Une compagnie américaine étudie un projet de chemin traversant la province de Veraguas et reliant les deux mers. Ce serait une simple route carrossable, partant, sur l’Atlantique, du beau port d’Admiral’s-Bay, aujourd’hui désert, passant par la ville principale du pays, Chiriqui, et débouchant sur le Pacifique au port sûr et commode de David. La réunion de ces deux têtes de ligne serait un avantage précieux. Ce point est, après Panama, celui où l’isthme est le plus étroit, et de vastes plaines rendraient, sur la plus grande portion du parcours, les frais d’exécution à peu près insignifians. Cette position ne pourrait cependant prétendre qu’à une importance secondaire, sans la découverte d’un vaste bassin houiller[1] qui semble y traverser l’isthme de part en part, et dont les traces, visibles aux deux côtes, ont été constatées par M. Wheelwright auprès de la ville de Chiriqui. Des dépôts de charbon, placés d’une façon aussi providentielle, devront amener un mouvement considérable dans cette portion de la province de Veraguas.
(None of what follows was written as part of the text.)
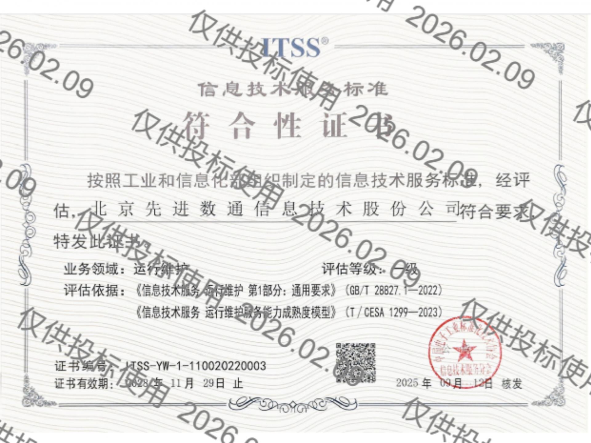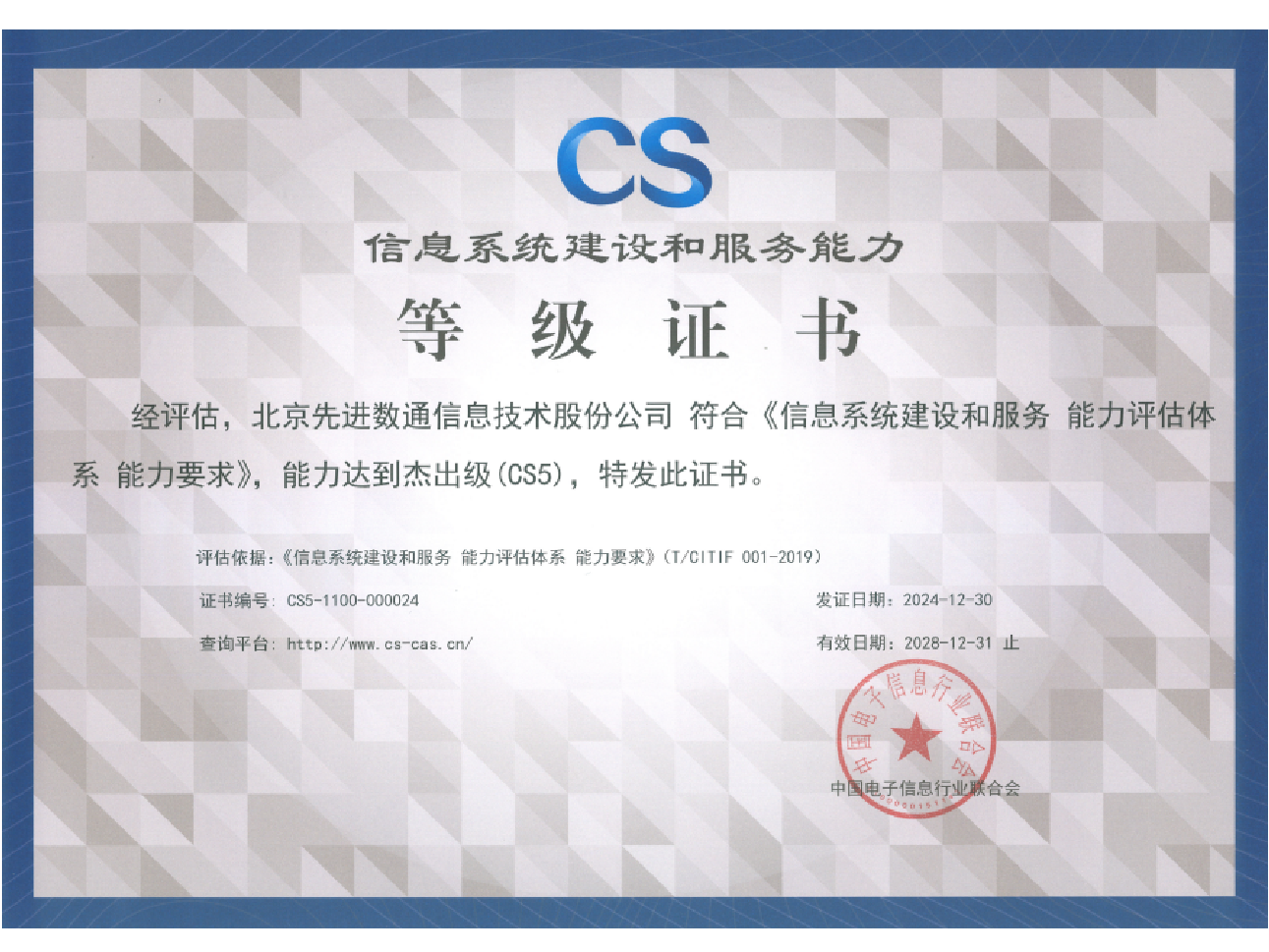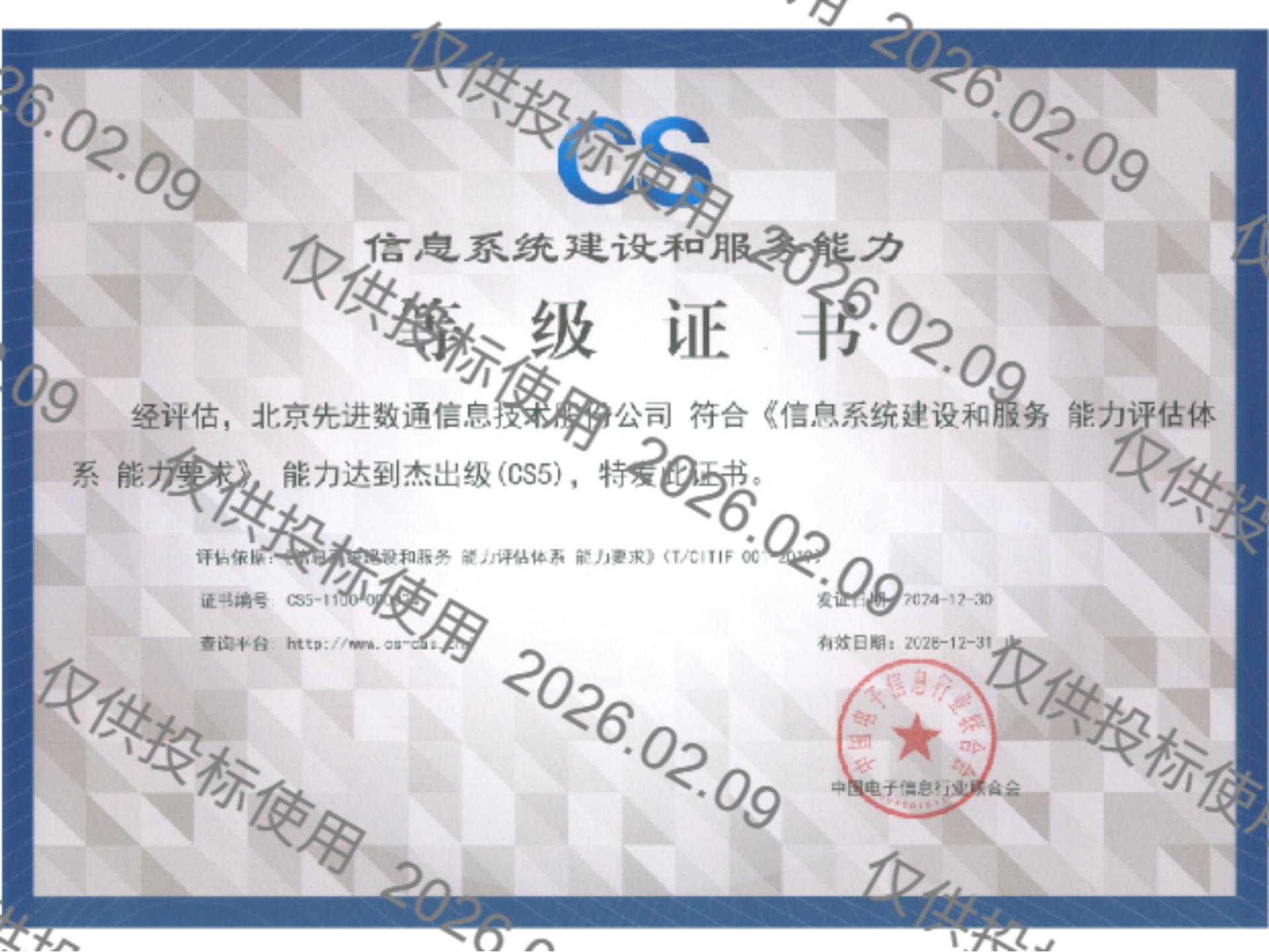 云配查 先后取得CMMIL5、软件能力成熟度五级(SPCA 5)、信息系统建设和服务能力评估体系(CS)5级、ITSS成熟度一级、信息系统安全集成服务资质二级、信息系统安全运维服务资质二级、国产化信息系统集成和服务能力评估四级(LS4)、北京市企业技术中心等资质认证,并取得ISO9001、ISO20000、ISO27001、ISO14001、ISO45001、ISO22301、ISO37001、ISO28001、GBT29490等标准体系认证,具备行业领先的技术开发、工程实施及服务保障能力。
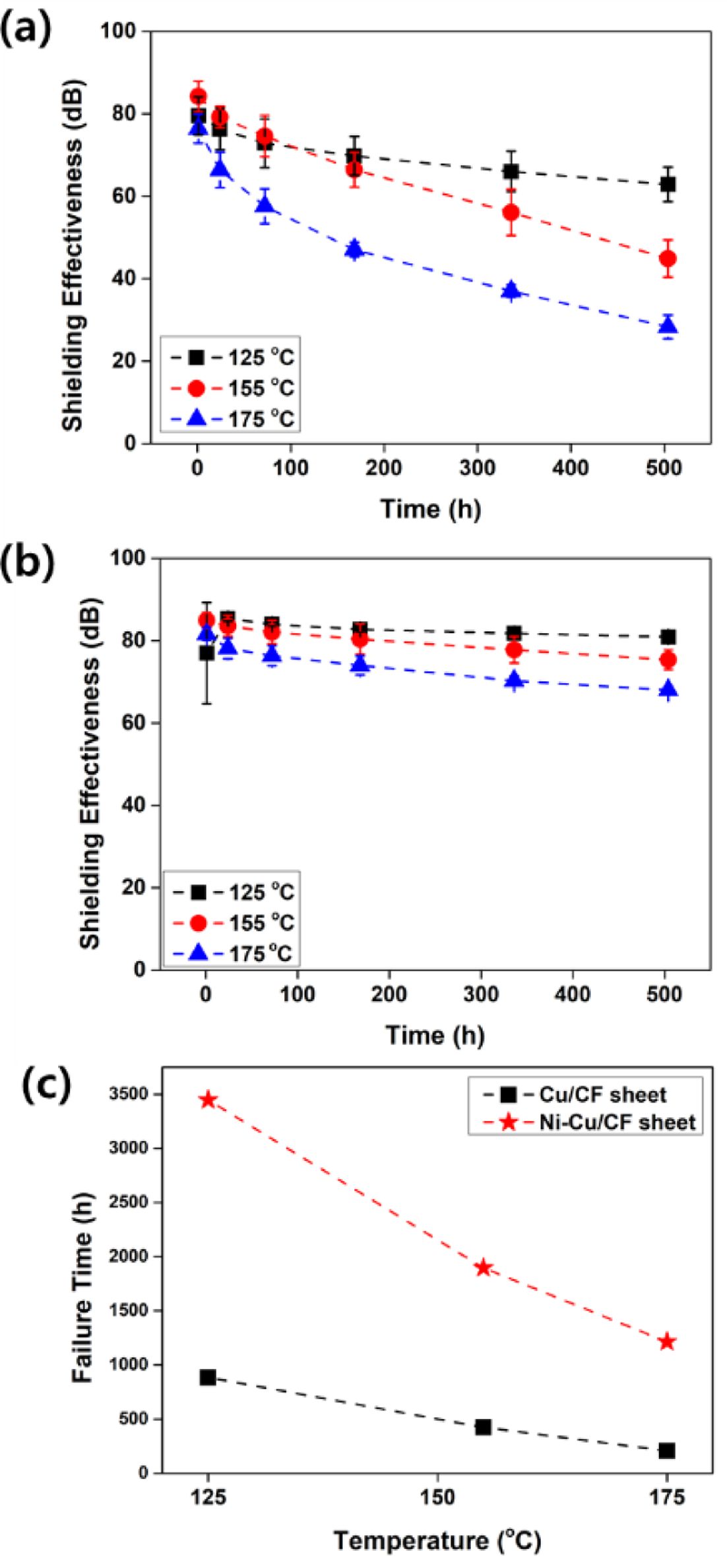 전자장치의 기준 사용조건보다 높은 온도의 가혹조건하에서 Cu/CF 또는 Ni-Cu/CF 시트의 전자파 차폐효율이 50 dB가 되는 시간을 측정

Cette province a, du côté de la mer, un aspect particulier. De nombreuses îles indiquent par leurs groupes les sommets principaux d’une chaîne de montagnes sous-marine parallèle à celle de la côte. C’est d’abord la magnifique île Coïba, de quatre-vingt-dix milles carrés environ; à l’autre extrémité, les Paridas; au milieu, les trois groupes des Ladrones, des Contreras et des Secas. Une tradition répandue dans le pays veut que, dans l’une de ces dernières îles, des trésors aient été enfouis par les Indiens à l’époque de la conquête; des fouilles y ont fait découvrir, je crois, sinon des trésors, du moins des débris d’une curieuse antiquité. La côte même est très pittoresquement découpée; tantôt, comme à Pueblo-Nuevo ou à Chiriqui,

  1. J’emprunte la note suivante à un rapport de M. Lagarde, chirurgien de la marine : « Sur l’île Muerto, à l’entrée de la rivière de Chiriqui, on trouve un charbon de terre de bonne qualité, dont l’analyse, faite avec soin par le professeur Rogers de Pensylvanie, a donné pour résultat : parties volatiles et bitumineuses, 36.27; charbon solide, 58.48; cendres, 5.25. »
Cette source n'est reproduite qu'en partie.